A grad student whose autistic nephew found comfort from weighted blankets helped develop pressure adjustable vests that can be controlled by a smartphone app.  

There is a new type of wearable that could help people with autism.

Researchers from the University of Minnesota have come up with a device that gives off a calming squeeze.

Sitting behind the front desk at the Autism Society of Minnesota is Jillian Nelson.

"You wouldn't necessarily have any idea that I’m a person on the autism spectrum," said Jillian.

And she's right - you can't tell. Although now and then she says it feels like every single nerve in her body is on fire.

Her senses are heightened, it can be overwhelming. So Jillian will snuggle up under a weighted blanket for comfort. Others use a weighted vest.

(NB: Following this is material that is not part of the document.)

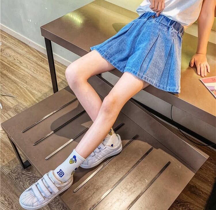かわいらしさと動きやすさが融合したデニムプリーツキュロットパンツ!

Now there's a new type of clothing that could help Jillian and other people with autism. It's a vest which gives off a calming squeeze.

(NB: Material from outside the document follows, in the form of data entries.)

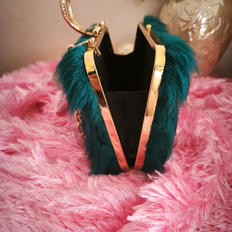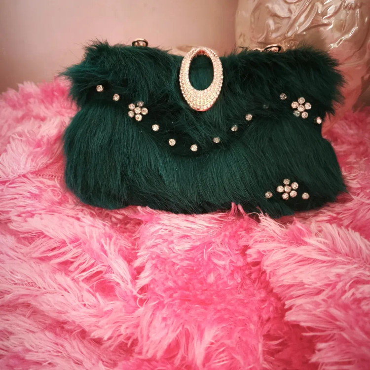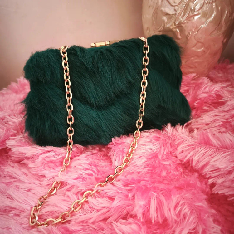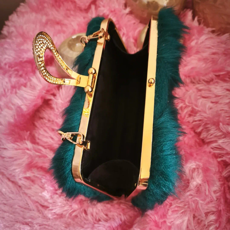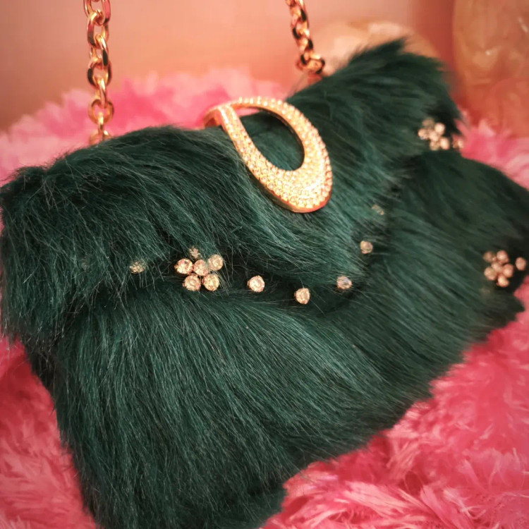 کیف دستساز خزدار رنگ سبز کله غازی کارشده با سنگ دارای زنجیر دوشی کوتاه رنگ طلای اندازه دهانه ۱۹سانت عرض ۵ ارتفاع ۱۳ رنگ یراق و زنجیر ثابت است داخل کیف کار شده با پارچه استری اشبالت عکسا بدون هیچ گونه فیلتر و فتوشاپی گرفته شده.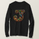 The design is a vibrant and festive representation of Thanksgiving, combining seasonal autumn elements with a playful cartoon turkey. At the heart of the image, the letter "J" stands out, adorned with vibrant leaves, pumpkins, and acorns, evoking a delicate autumnal atmosphere. Beside the letter stands a charming cartoon turkey, adding a touch of fun and personality to the design.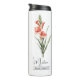 Fleur du mois de naissance Août Gladiolus tumbler thermique avec l'illustration d'une fleur de gladiolus. Sous la fleur, le nom est écrit dans une police de script élégante. Sous le nom, il indique "Août - Gladiolus", indiquant que le mois de naissance du propriétaire est Août et que sa fleur de naissance est le gladiolus. Il s'agit d'un tumbler personnalisé, customisé comme un cadeau réfléchi pour quelqu'un du nom de Madison né en août.

"These components were built to try and help develop a spacesuit to send astronauts to Mars," said Brad Holschuh, co-director of the wearable technology lab at the University of Minnesota.

Grad student Julia Duvall saw that space technology and thought about her nephew, who has autism and struggles with weighted clothing.

"One of the big problems is that people become acclimated to the pressure. That means if they're wearing a weighted vest or a tight-fitting knit garment under their clothes, they have to take that off at a certain point," said Duvall.

That can be disruptive, so their group created the very first dynamic compression vest, which is controlled by an app.

"These guys right here are the heat sensitive materials. In the back, here we have the module. There's a battery and a Bluetooth controller. So, when you hit the button on your phone, it sends a current through these pieces, and they pull tight," says Holschuh.

One day, that technology could help people with autism, like Jillian.

"I want to change the perception of how the world sees autism," said Jillian, who works every day for a larger purpose.

Locally, Seattle Children’s and the University of Washington’s Autism centers have experts and resources to provide help.